Au milieu de la décomposition des partis, de la confusion singulière de toutes les pensées et de toutes les prétentions, c’est plus que jamais un devoir pour chaque homme de se croire lui-même, de puiser sa force dans son propre centre, et de suivre sa propre inspiration, comme le seul flambeau qui ne puisse pas s’éteindre. Quel parti oserait aujourd’hui prétendre qu’il offre des vérités évidentes pour l’esprit, des règles sûres pour la conduite ? Est-ce l’opposition, qui, depuis deux ans, se divise par des nuances infinies, par des tendances incompatibles, et que, ces jours derniers, un écrivain démocrate caractérisait ainsi : « Il y a des opposans, il n’y a pas d’opposition. Toute opposition qui n’est pas systématique n’a pas de caractère, de principe, d’influence, de but, ni même de nom. Elle ne fait pas les affaires de la France, elle ne fait pas même les siennes. C’est un amalgame de bariolures rouges, bleues, jaunes, blanches, vertes, avec leurs teintes plus ou moins foncées. Le merveilleux tableau que cela fait[1] ! » Que pourrions-nous dire de plus fort ? Mais si ce tableau est merveilleux, ne peut-il aussi servir d’enseignement et de leçon à ceux qui le contemplent ? Faut-il voir sans juger, regarder sans conclure ? Puisqu’au rapport des témoins les moins suspects les choses sont ainsi, n’y a-t-il aucune conséquence à tirer ni pour le présent, ni pour l’avenir ? Quelques hommes se font de la politique une singulière idée : elle n’est pas pour eux le miroir de la vie, la mise en pratique des dispositions et des volontés sociales ; non, c’est une routine qui ne doit jamais changer, et, en quelque sorte, une pétrification réciproque de toutes les forces qui sont en présence les unes des autres.
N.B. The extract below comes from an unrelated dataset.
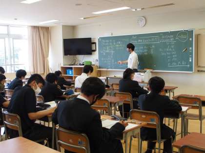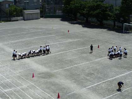 12期生の数学は少人数展開のため、3クラスに分かれています。同じフロアで授業をしているので、他のクラスにも行ってみました。案の定、どのクラスも真剣で授業に打ち込んでいました。4階の窓から校庭を見ると、13期生が学年種目に前向きに取り組んでいました。

Ils ne comprennent pas qu’il y a des momens où le gouvernement gagne du terrain sur les opposans disséminés et affaiblis, comme il y en a d’autres où il peut grossir les rangs de l’opposition, s’il ne satisfait pas les vœux du pays. Nous savons qu’il est quelques personnes pour lesquelles le beau idéal de la politique serait de voir d’un côté toujours le même ministre, et de l’autre toujours le même tribun ; elles se sont arrangées pour assister constamment à la même pièce, et quand le spectacle change, elles sont tout-à-fait déroutées. Mais ni la politique, ni la vie, ne s’immobilisent ainsi, au gré de quelques convenances personnelles, et il faut être étrangement préoccupé pour ne pas reconnaître que le gouvernement représentatif ne

  1. Études sur les orateurs parlementaires, par Timon, nouvelle édition.